А пока повторим, что мы имеем на текущий момент. Мы имеем тело, которое лежит на пляже совершенно неподвижно. Так неподвижно, что единственное, что мы можем сказать о нем достоверно, это то, что его кожа разделяет вселенную на две неравные непересекающиеся части – внутри него и снаружи. Что происходит внутри, мы не можем достоверно сказать, но, зная анатомию и наблюдая в следующий момент времени определенный процесс, мы можем предположить, что в данный момент времени, – то есть в предыдущий по отношению к следующему, – где-то, в какой-то части этого тела, произошла реакция.

У него там – внутри тела – есть проводники, это мы тоже знаем из анатомии, – называются они «нервы». И нам важно, что от этой реакции по одному из проводников начинает бежать импульс. Куда – это тоже определяется реакцией. Он бежит себе, и прибегает телу в ногу, в самый низ, и тут-то мы и начинаем наблюдать упомянутый ранее процесс.

Правая нога, которая была чуть согнута, распрямляется, потом сгибается, потом опять распрямляется, потом оно шевелит пальцами, туда-сюда, и на этом процесс заканчивается.

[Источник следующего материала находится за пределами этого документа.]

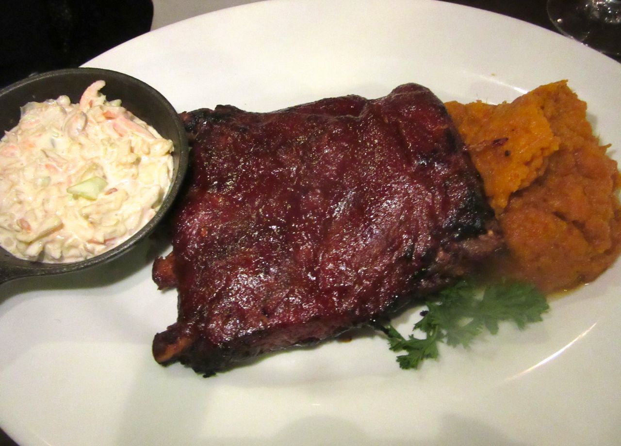 We share everything as we always do. St. Louis ribs slow-cooked and caramelized, fall-off-the-bone- style, are not my favorite style of ribs. The whipped sweet potatoes alongside are very sweet, the cole- slaw very creamy. Smoked turkey collards, very sweet too.

И оно продолжает как и раньше лежать, загорать и разделять вселенную на две части. Но уже с распрямленной ногой.

Маленький

Как много я знал, когда был маленьким!

Я твердо знал, что мороженое бывает по семь, по тринадцать, по восемнадцать и по двадцать копеек. Я знал, что молоко в наш продуктовый привозят в десять утра, в больших бидонах, литров по шестьдесят, – и что продавщица разливает его покупателям литровым алюминиевым ковшом. А у квасной продавщицы на улице – такой же ковш, но на пол-литра. Для меня было совершенно очевидно и очень важно, что «ракеты» на Овидиополь и Лиманскую уходят с того причала, что напротив дороги, а на Солнечную и Затоку – со второго, который дальше. Проснувшись ночью, я не запнувшись объяснил бы вам, что ходят они раз в полчаса начиная с полдевятого утра и до полседьмого вечера, с перерывом между одиннадцатью и двенадцатью. И здесь же, не надевая тапочек, очень удивился бы, если бы узнал, что кто-то этими сведениями не владеет.

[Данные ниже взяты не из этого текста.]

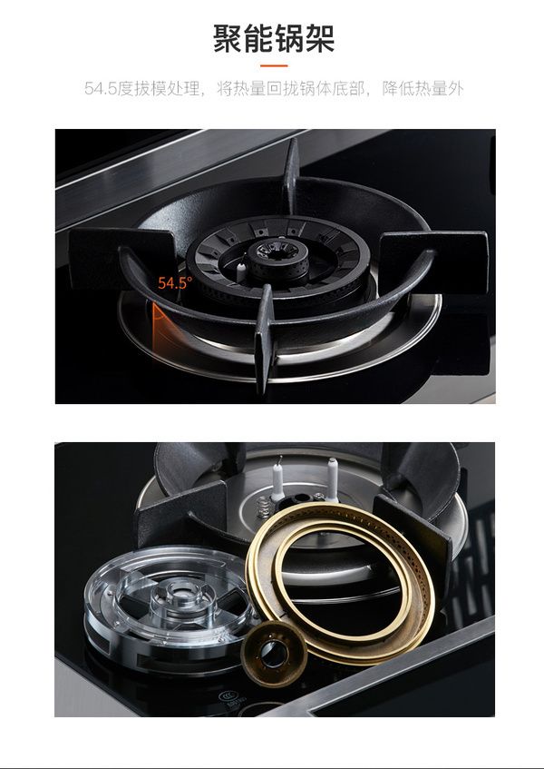 在达到4.6kw大火力的前提下,优格集成灶配置了聚能环锅架,精心打造54.5°的聚能锥度,热能有效聚拢至锅底,抗风能力强,防止热能不必要的流失,燃烧热量集中向上!

Что ракета, когда отчаливает, сначала сдает полметра вбок от пирса, потом отходит назад градусов на тридцать по большой дуге, становясь носом наполовину к пирсу, наполовину к лиману, а потом уже выворачивает налево и уходит. А еще я мог в деталях описать, как она становится на крылья, какие и в какой момент от нее начинают расходиться волны, а какие, наоборот, исчезают.

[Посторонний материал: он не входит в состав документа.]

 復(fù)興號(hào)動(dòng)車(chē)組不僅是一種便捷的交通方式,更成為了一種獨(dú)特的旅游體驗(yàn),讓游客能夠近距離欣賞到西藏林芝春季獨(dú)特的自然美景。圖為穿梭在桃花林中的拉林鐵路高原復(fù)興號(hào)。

В пять лет я был маленьким, и эти куски знания казались мне такими большими! Кирпичи, что клались один за другим в стену – мои будущие мозги, – с высоты моего тогдашнего роста они были значительными и необходимыми.

Потом, когда я вырос, кирпичи уменьшились. Они стали собираться в вагоны и поезда. Когда их стали подвозить один эшелон за другим, каждый отдельный камень уже стал теряться среди массы таких же, одинаково незаменимых и бесполезных. Взрослый человек не видит процедуры отчаливания и не запоминает расписание, он носит его в кармане. Он мыслит интегрально, он определяет по цвету глины марку кирпича и по таблице отправляет состав на нужный путь. Но если перелезть в вагон, взять в каждую руку по кирпичу и внимательно на них посмотреть, – ракеты все ходят и все отчаливают, хоть уже и не так. И расписание висит, хоть уже и другое. И молоко, – его перестали возить в бидонах, оно есть в магазине весь день, бутылочное, – но оно есть, и его пьют, и так же малышня с сумкой себя больше и сдачей под мышкой тащит его из магазина бабушке.

 

Столько всего знал, и все забыл!

Поезд

Он темный. Оно темное. Поезд идет. Из окна видно мало. Ночь уже. Спать, в общем-то, хочется. Сейчас постель дадут, и лягу.

За окном Рось. Да – Россия. Впрочем, темно – не видно. Огни видны. Сквозь лесополосу. Она прозрачная, палки торчат с ветками, – зима уже потому что.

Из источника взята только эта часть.